Page 38 of Famous Last Words

After who knows how long, she walks into the living room.

She checks her phone. She dimly registers that Penguin has offered a six-figure sum in a two-book deal for Adam’s novel that she doesn’t even open beyond the preview.

She ignores everyone, looks at her texts from yesterday with Luke, from before they went to the café, from before before before.

Cam: Are you working very hard or can you have Polly while I have a five minute peaceful wee?!

Luke: Absolutely! Hang on!

Cam: It was a good wee. Thank you.

Luke: xx

But then she spies the volume of other texts she’s had. Over sixty.

Holly: OMG – just seen the news. Are you OK?

Stuart: Don’t worry about work. All here if you need us.

There are more. She becomes quickly overwhelmed by them. They don’t make sense to her, don’t seem to mean anything. Friend after friend after friend and relatives and distant acquaintances. Holly: her closest friend, a former commissioning editor, now freelance, saying she’s seen the news. A text Cam herself might send, but is furious at receiving.

The police must have told the media his name. Cam blinks dumbly on the sofa.

So everyone knows. Everyone knows what he’s done.

How can she go on? She holds her phone to her chest. How can she?

She checks BBC News. There’s a live feed.

15:50Siege ends in dramatic shooting

15:55Plea for information: Suspect at large and dangerous named as Luke Deschamps

17:01RECAP: How did we get here?

18:10BREAKING: Last note left by criminal husband seen by press

Cam can’t help but open the final item, and there it is. Her private communication, his last words to her, beamed as large as if projected on to the night sky for all to see. Insult added to injury after injury.
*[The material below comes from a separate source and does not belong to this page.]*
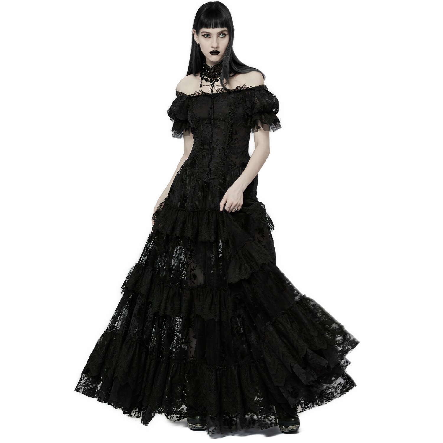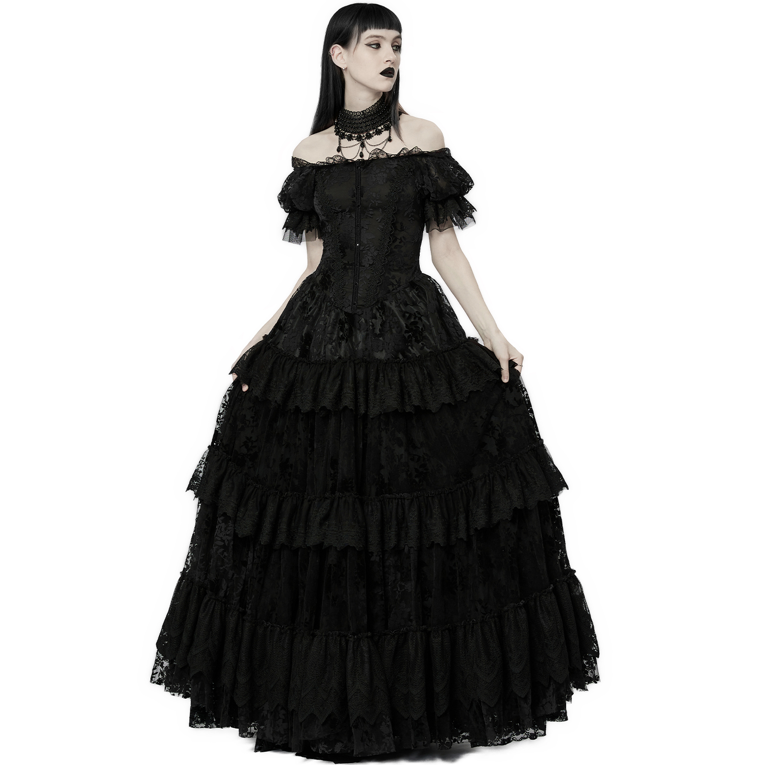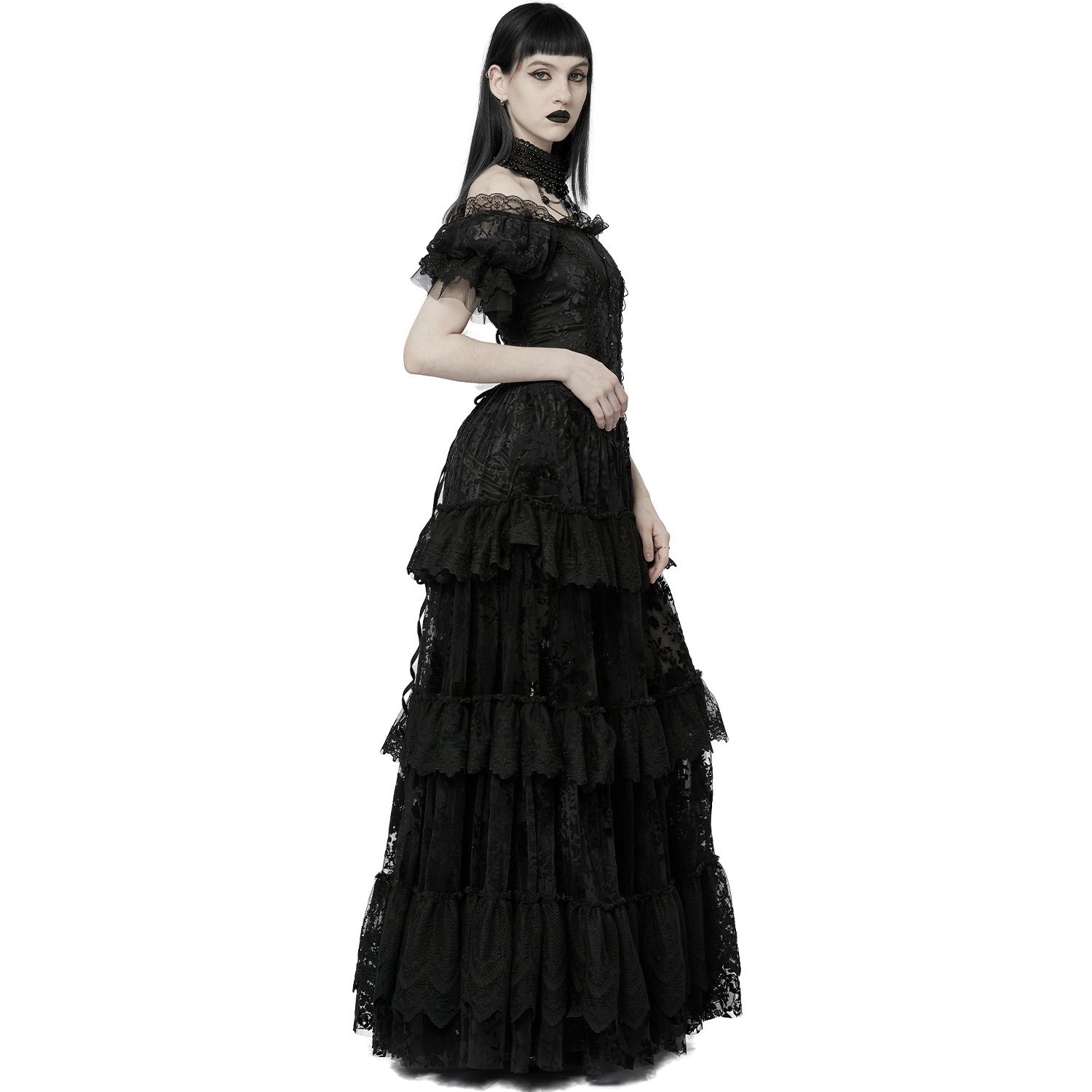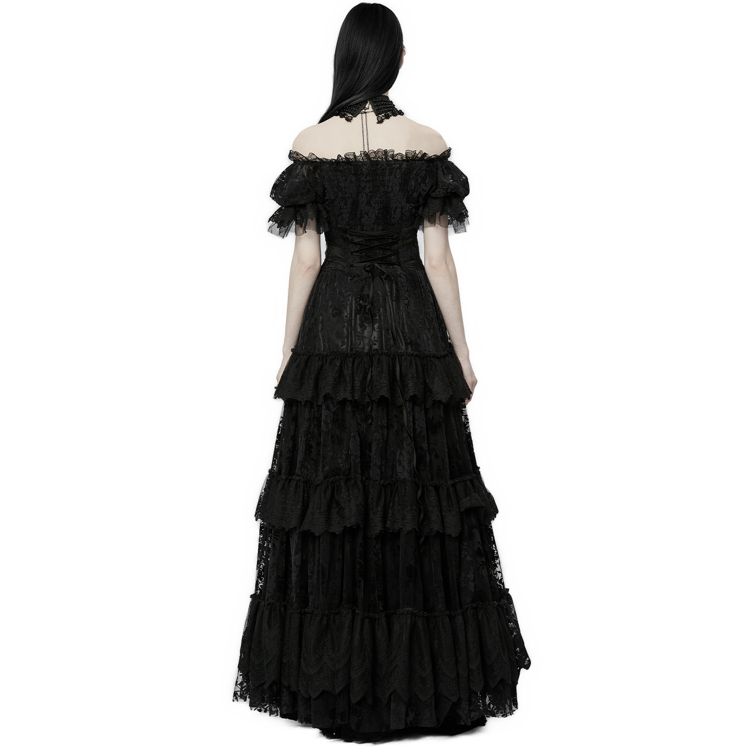 Black long sleeve, off the shoulder Victorian Gothic dress with chiffon sleeves, embroidered chest and lace up back. • Black satin polyester with floral pattern • Bare shoulders • Chest laced...

‘It’s been so lovely with you both’ is the cryptic message left from husband to bewildered wife the morning he chose to take three hostages in a siege that gripped London, it reads. Cam clicks off it in disgust. How could they? It might as well be a diary entry. Her cheeks heat with shame. Everyone will have read it. Everyone will know.

#LondonSiege is the top trending topic on Twitter.

Absolutely disgusting, innocent people taken, one user has written.

They should have just gone in and blown him up – terrorists are terrorists, another comment says. Cam’s chest seems to expand and contract, a cartoon heart beating in shock.

Did anyone see THE NOTE he left his wife? WTF?? #LondonSiege

She flips the phone face down on to the sofa, where it creates a pale white rim of light, and sits forward, unable to bear it.

She wanders through her house. Their belongings are disturbed, put together but not quite right, which makes Cam feel uneasy, like when a hotel room has been cleaned without your knowing.

The search has been thorough, most things looked through. Cam leafs listlessly through a notepad on the hall table, at the John le Carré novel he was reading, at their calendar hanging on the wall in the kitchen. Nothing. No clues left remaining. What did she expect?

She pads downstairs again and into the nursery, where Polly is sleeping. On her stomach, bottom in the air, blonde hair mussed all over the place like whipped meringues. Cam traces a finger down her cheek, just once, thinking that this is how. This is how she goes on. Your father is a murderer, Cam thinks. Poor, poor you. Worse off than me.

She picks her up, unable to resist, her daughter a warm, sweet-scented heavy sack. She still has that newborn scrunch, at times: legs held up near her body like a frog; and Cam presses her baby to her abdomen, the way she grew her, nuzzles her nose into her daughter’s neck.